ANNUAL REVENUE PERFORMANCE FY 2019/2020

PRESS RELEASE 20/08/2020

Introduction

In spite of the difficult operating economic environment brought about by COVID-19 pandemic, the revenue collection in FY 2019/20 (July 2019 - June 2020) reached a new record with Kshs. 1.607 Trillion collected, compared to Kshs. 1.580 Trillion collected in FY 2018/19. This represents a performance rate of 97.9% and revenue growth of 1.7% compared to last Financial Year. The performance is favourable and matches the prevailing economic indicators, especially the projected GDP growth of between 1.5% and 2.3% in 2020.

In addition, KRA collected other monies including Agency Fees amounting to Kshs. 97.114 Billion. This is revenue collected on behalf of other government agencies mainly at the ports of entry. They include Road Maintenance Levy, Airport Revenue, Aviation Revenue, and Petroleum Development Fund amongst other levies.
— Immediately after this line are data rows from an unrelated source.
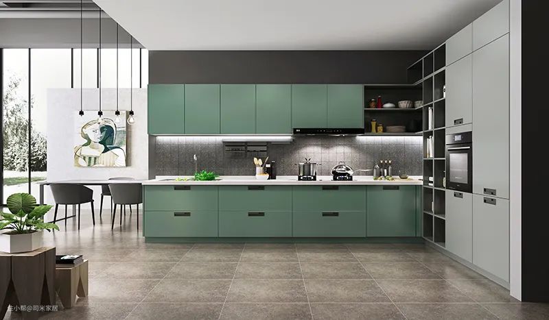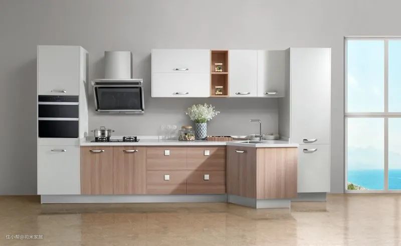 为了不让厨房跟整体家居的风格太跳跃,橱柜的颜色要根据家居整体风格来定。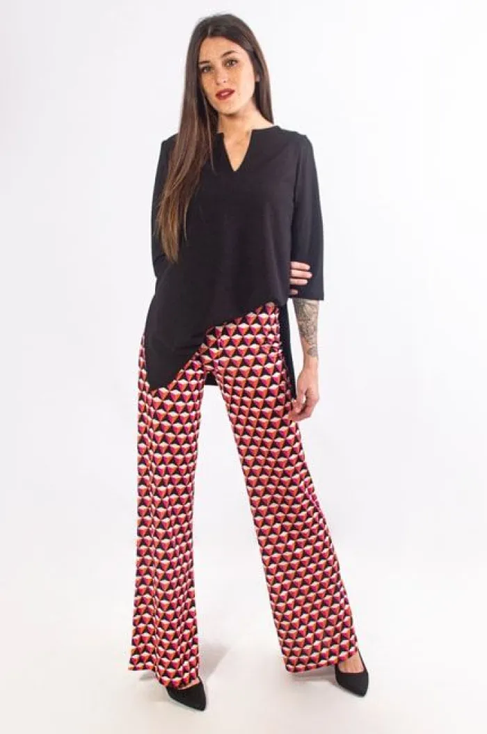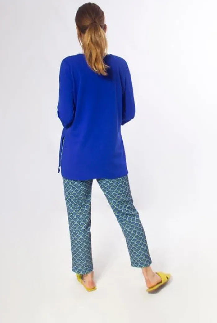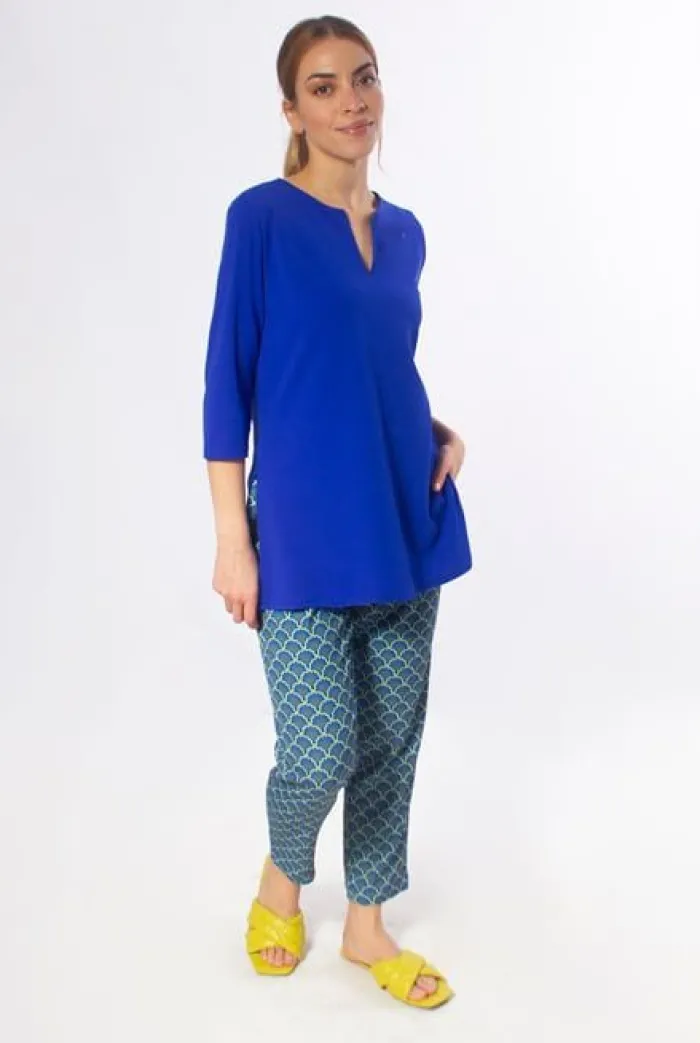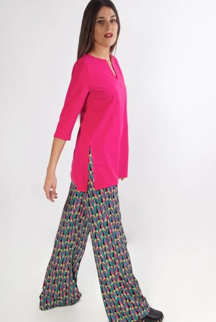 Top cuello pico con aberturas laterales y hombros abullonados. Tejido: crepé lisos. Disponibles en varios colores.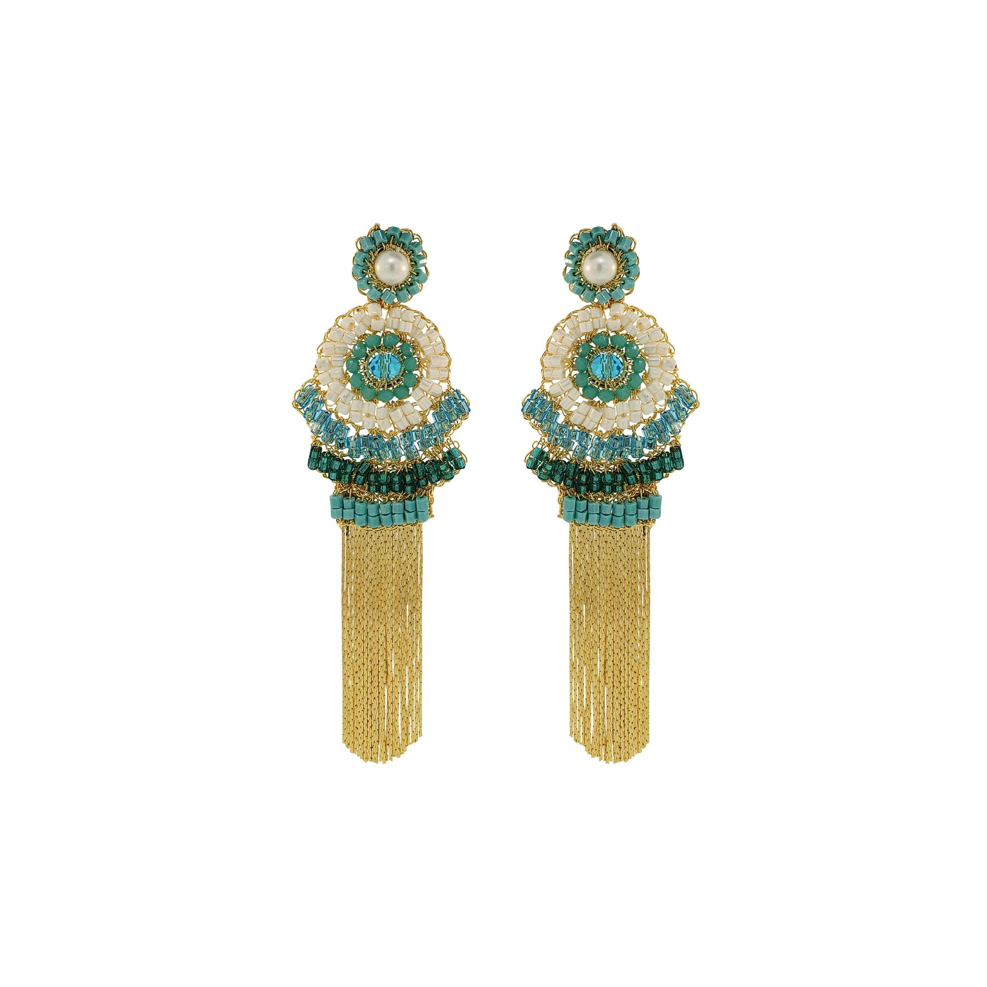 Ocean Teal Mix Ripples Fringe Handmade Crochet Earrings

The exchequer revenue grew by 2.2% with a collection of Kshs. 1.510 Trillion compared to Kshs. 1.477 Trillion collected in FY 2018/19. This translates to a performance rate of 98.6% against target.

Customs and Domestic Taxes Performance

Revenue collection by Domestic Taxes Department (DTD) experienced a growth of 4.0% in FY 2019/20, down from an average growth of 13.9% recorded in the period July 2019 to February 2020. DTD collected Kshs. 1.092 Trillion in FY 2019/20 translating to a performance rate of 97.8% against target.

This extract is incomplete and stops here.